- [Prompt]
Give back the records below verbatim, please, but without a single image.

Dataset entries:
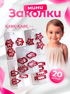 Мини заколки клик клак набор красные 20 шт маленькие мягкие
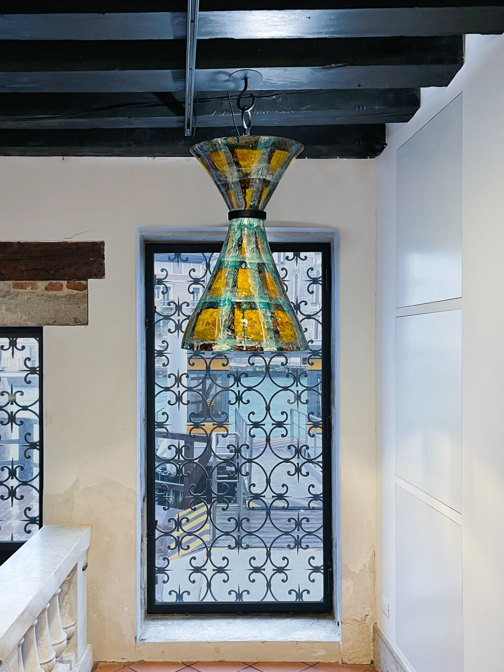 A particularly striking example in the exhibition is one of Gavalet’s lamps, standing at 151 cm tall. Its lilac and purple hues command attention, but the form of the lamp’s stand is equally compelling. Gavalet’s guéridons, too, dissolve the boundary between art and everyday life, each one an invitation to explore the intricate and personal layers of memory, emotion, and time.
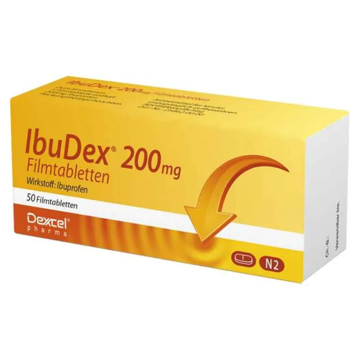 IbuDex® 200 mg Filmtabletten Wirkstoff: Ibuprofen. Anwendungsgebiete: Symptomatische Behandlung von leichten bis mäßig starken Schmerzen wie Kopf-, Zahn- u. Regelschmerzen; Fieber. Hinweis: Bei Schmerzen oder Fieber ohne ärztlichen Rat nicht länger anwenden als in der Packungsbeilage vorgegeben! Zu Risiken und Nebenwirkungen lesen Sie die Packungsbeilage und fragen Sie Ihre Ärztin, Ihren Arzt oder in Ihrer Apotheke.
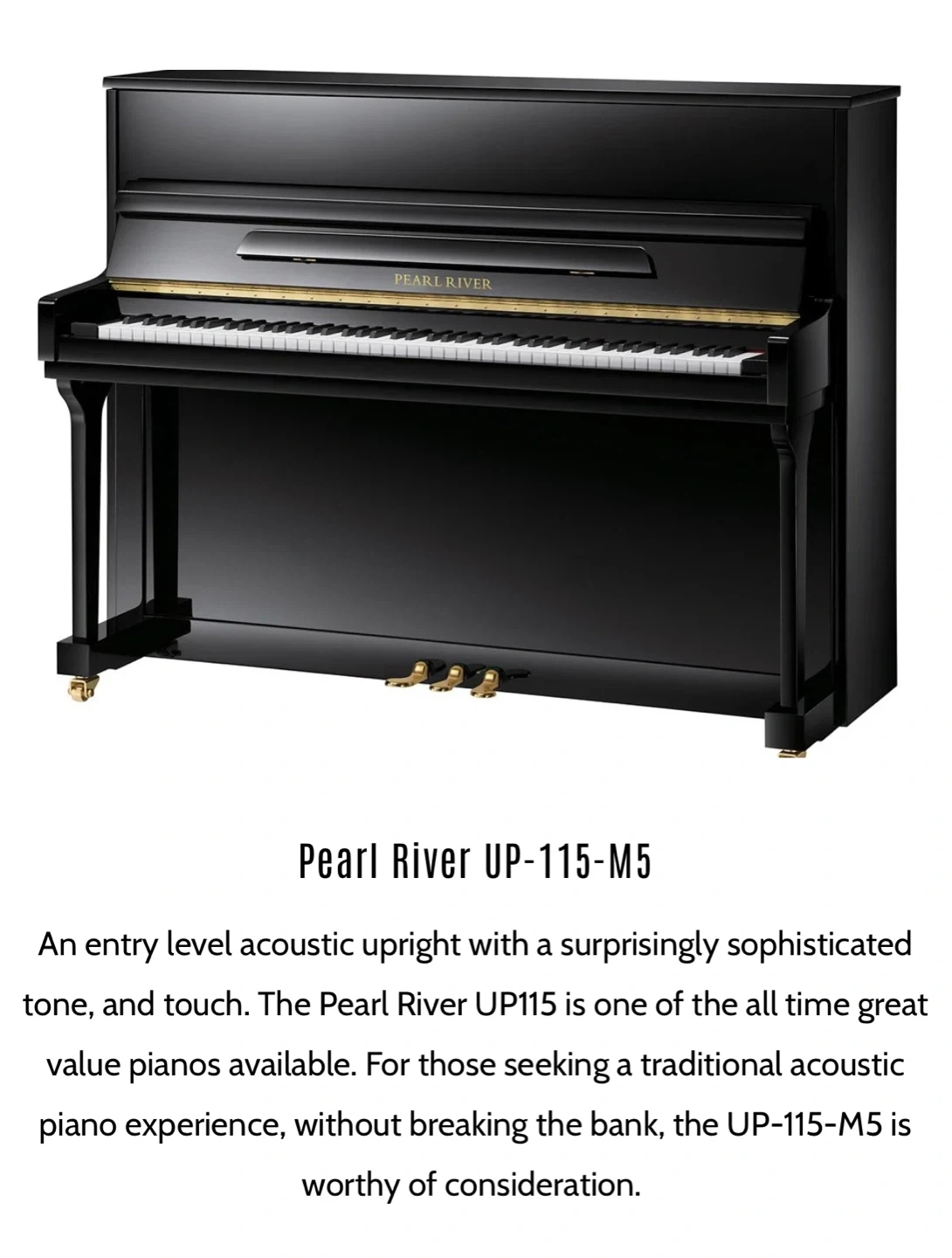 Pearl River UP-115-M5 acoustic upright piano. It has a sophisticated tone and touch. This piano is great value for those wanting a traditional acoustic piano experience.
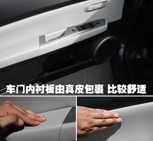 車門內(nèi)襯板由真皮包覆,材質(zhì)比較柔軟,駕車時(shí)或長途駕駛,喜歡把胳膊放在車門邊的朋友都會感到比較舒適。
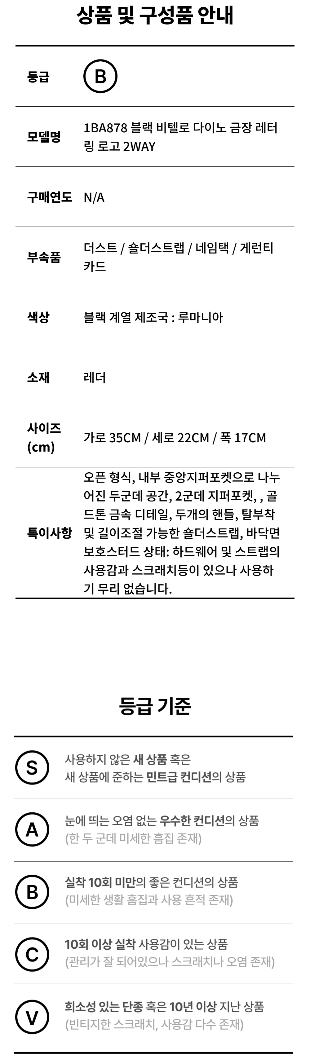 프라다 1BA878 블랙 비텔로 다이노 금장 레터링 로고 2WAY

- [Solution]
 Мини заколки клик клак набор красные 20 шт маленькие мягкие
 A particularly striking example in the exhibition is one of Gavalet’s lamps, standing at 151 cm tall. Its lilac and purple hues command attention, but the form of the lamp’s stand is equally compelling. Gavalet’s guéridons, too, dissolve the boundary between art and everyday life, each one an invitation to explore the intricate and personal layers of memory, emotion, and time.
 IbuDex® 200 mg Filmtabletten Wirkstoff: Ibuprofen. Anwendungsgebiete: Symptomatische Behandlung von leichten bis mäßig starken Schmerzen wie Kopf-, Zahn- u. Regelschmerzen; Fieber. Hinweis: Bei Schmerzen oder Fieber ohne ärztlichen Rat nicht länger anwenden als in der Packungsbeilage vorgegeben! Zu Risiken und Nebenwirkungen lesen Sie die Packungsbeilage und fragen Sie Ihre Ärztin, Ihren Arzt oder in Ihrer Apotheke.
 Pearl River UP-115-M5 acoustic upright piano. It has a sophisticated tone and touch. This piano is great value for those wanting a traditional acoustic piano experience.
 車門內(nèi)襯板由真皮包覆,材質(zhì)比較柔軟,駕車時(shí)或長途駕駛,喜歡把胳膊放在車門邊的朋友都會感到比較舒適。
 프라다 1BA878 블랙 비텔로 다이노 금장 레터링 로고 2WAY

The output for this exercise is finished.